- [Problem statement]
Return exactly the lines from the "王万成首先向同学们展示了自己" line through the last line of the entries below. Include no pictures.

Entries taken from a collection
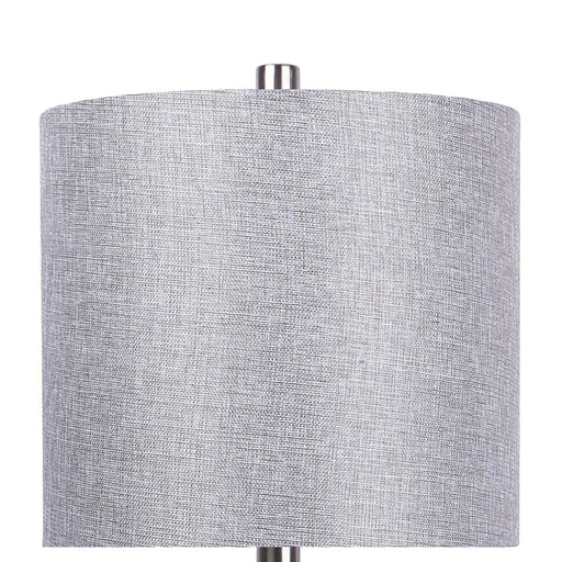 8th StreetModern Design: Vase-like shape in textured grey ceramic with a grey linen drum shade and polished silver metal finial adds contemporary style t...
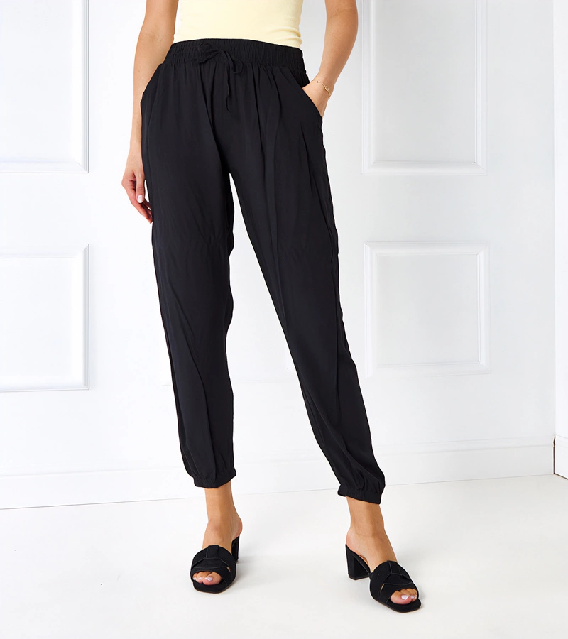 Fekete női széles pliszírozott nadrág Sijam
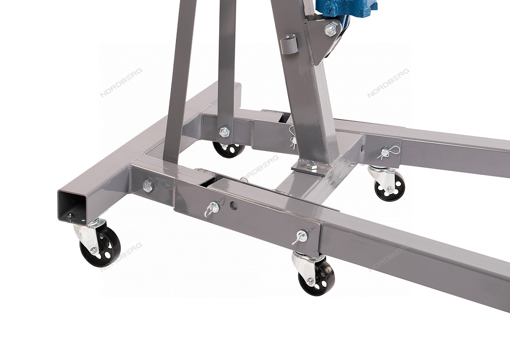 Высота нижних опор на поворотных колесах 17 см позволяет легко позиционировать кран под автомобилем, а достаточное расстояние между опорами, обеспечивает уверенную устойчивость крана во время рабочих операций.
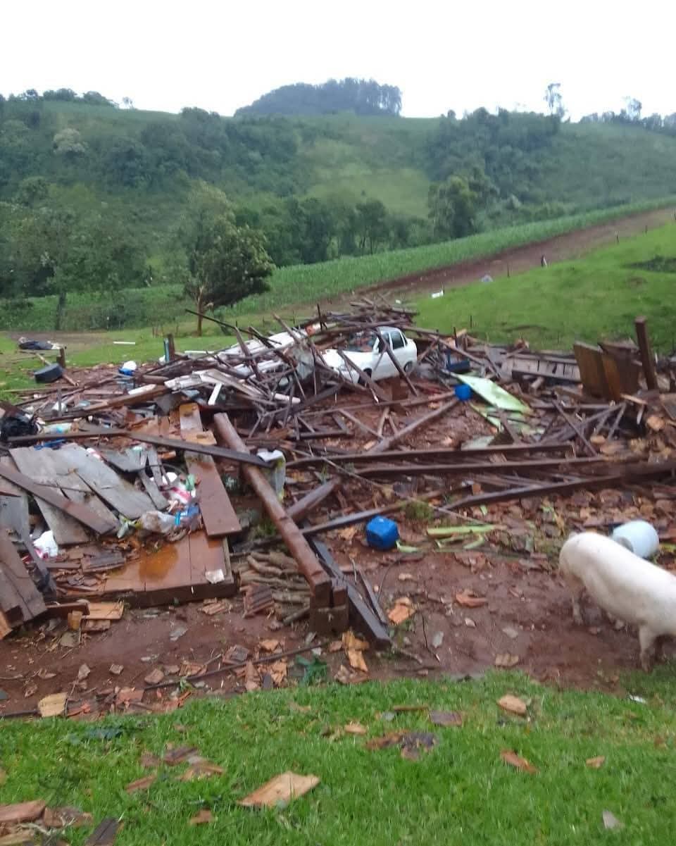 Na Linha Lacerda, interior de Dionísio Cerqueira, três pessoas ficaram feridas e precisaram de atendimento médico no hospital após serem atingidas durante a ventania. O temporal causou destelhamentos, quedas de árvores, prejuízos em comércios e falta de energia elétrica em diversos pontos.
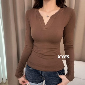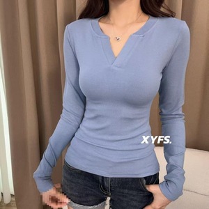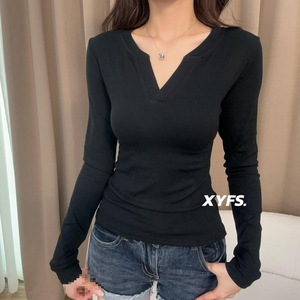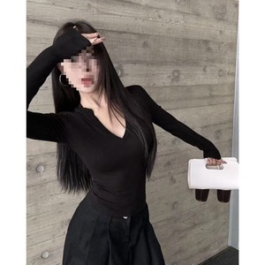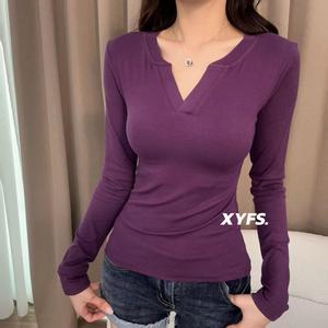 2025红色复古领长袖正肩恤女秋冬气质收腰修身打底衫低领上衣
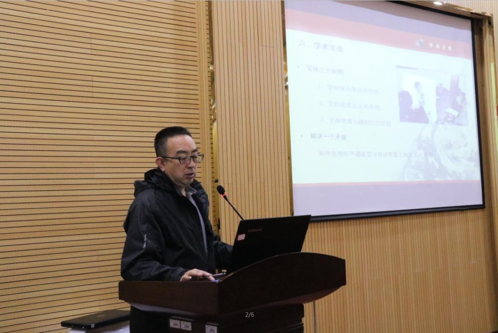 王万成首先向同学们展示了自己的绘画创作作品,并介绍了自己的学术主张。他强调“坚持三个原则和解决一个矛盾”的个人绘画原则,要求同学们应“重基础、重动手能力、重造型能力”,从政治、经济、人文历史等方面来进行作品创作。
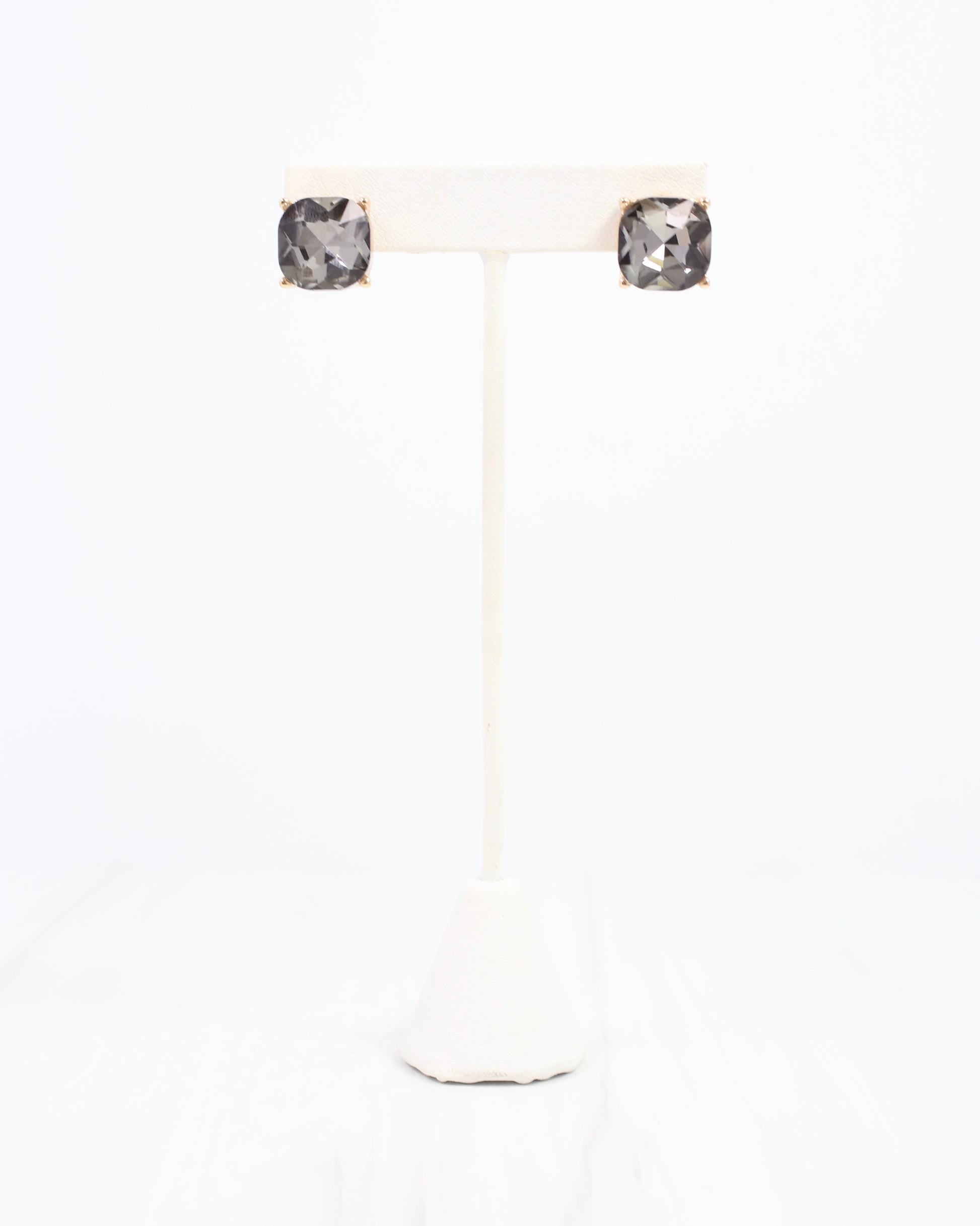 Elevate your style with these Julien Stone Stud Earrings in black diamond sparkle. Their versatile design complements everything from casual jeans to elegant black-tie attire, making them a chic addition to any outfit. Add a touch of refined shimmer to enhance your look effortlessly.

- [Your response]
 王万成首先向同学们展示了自己的绘画创作作品,并介绍了自己的学术主张。他强调“坚持三个原则和解决一个矛盾”的个人绘画原则,要求同学们应“重基础、重动手能力、重造型能力”,从政治、经济、人文历史等方面来进行作品创作。
 Elevate your style with these Julien Stone Stud Earrings in black diamond sparkle. Their versatile design complements everything from casual jeans to elegant black-tie attire, making them a chic addition to any outfit. Add a touch of refined shimmer to enhance your look effortlessly.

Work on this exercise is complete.